Limiter circuits are employed in a wide range of systems and devices for a variety of applications. For example, limiter circuits may be employed in microwave sensing and communication systems to limit signal strength (e.g., voltage, current, and/or power) and to prevent system overloading, prevent damage of system components, limit signal sensitivity, and/or the like. In military applications, limiter circuits may be particularly useful to prevent damage to radar, electronic warfare, and communication system receivers and other components from intentional or unintentional overloading and possible damage from high-power signals.

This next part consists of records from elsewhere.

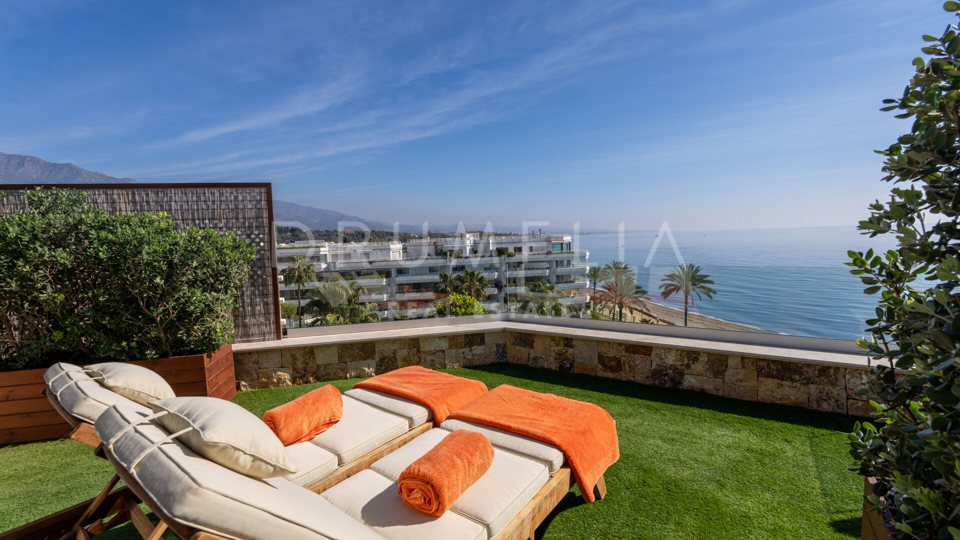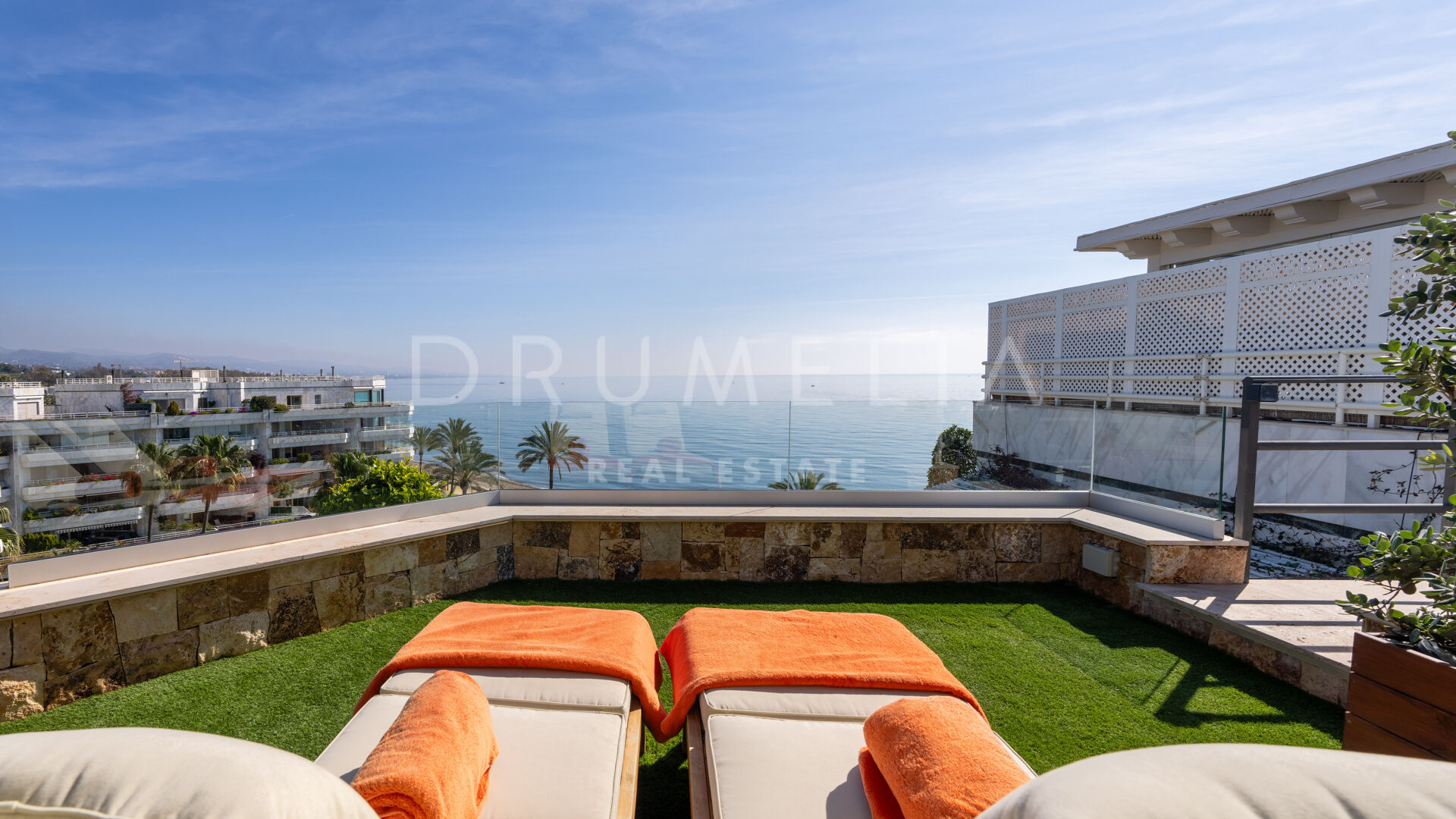 Las comodidades adicionales incluyen la proximidad a prestigiosos campos de golf, tiendas y el puerto, haciendo de este ático una oportunidad única para aquellos que buscan lujo frente al mar combinado con comodidad y exclusividad.
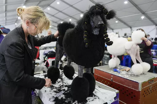 In a nearby grooming tent, Valarie Cheimis petted Csoki, a puli, ahead of ring time.
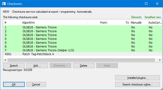 Sumas de verificación automáticas: Cada módulo de suma de verificación (se compra por separado) reconoce automáticamente si se puede utilizar y corrige las sumas de verificación inmediatamente después de cada cambio. Incluso en tiempo real mientras el coche está en marcha. Si aún no tiene el módulo correcto, basta con presionar un botón y se probarán en línea todos los módulos de suma de verificación existentes para su proyecto. De esta manera sabrás con seguridad qué módulo es el correcto. Los módulos se pueden comprar online las 24 horas del día. Recibirá su módulo en cuestión de minutos.

Typical limiter circuits are associated with trade-offs between signal-limiting functionalities and maintaining signal quality. For example, a limiter circuit designed to limit signals above a relatively modest cut-off threshold may adversely affect signal quality (e.g., distort the signal, decrease a signal to noise ratio (SNR), increase a bit error rate (BER), etc.) and hence impact system performance. In contrast, a limiter circuit designed to pass signals to a relatively high cut-off threshold may increase the risk of system overload and/or damage.
Typical limiter circuits may also be difficult to integrate with other elements in a monolithic integrated circuit (IC), multi-chip module (MCM), and/or the like. For example, typical limiter circuits may be physically bulky and thus difficult to integrate onto a monolithic IC or MCM. In addition, fabrication processes and materials for typical limiter circuits may not be compatible with fabrication processes and materials for other system elements. Thus, additional fabrication steps and/or other difficulties with integrating typical limiter circuits onto a monolithic IC or MCM may be incurred.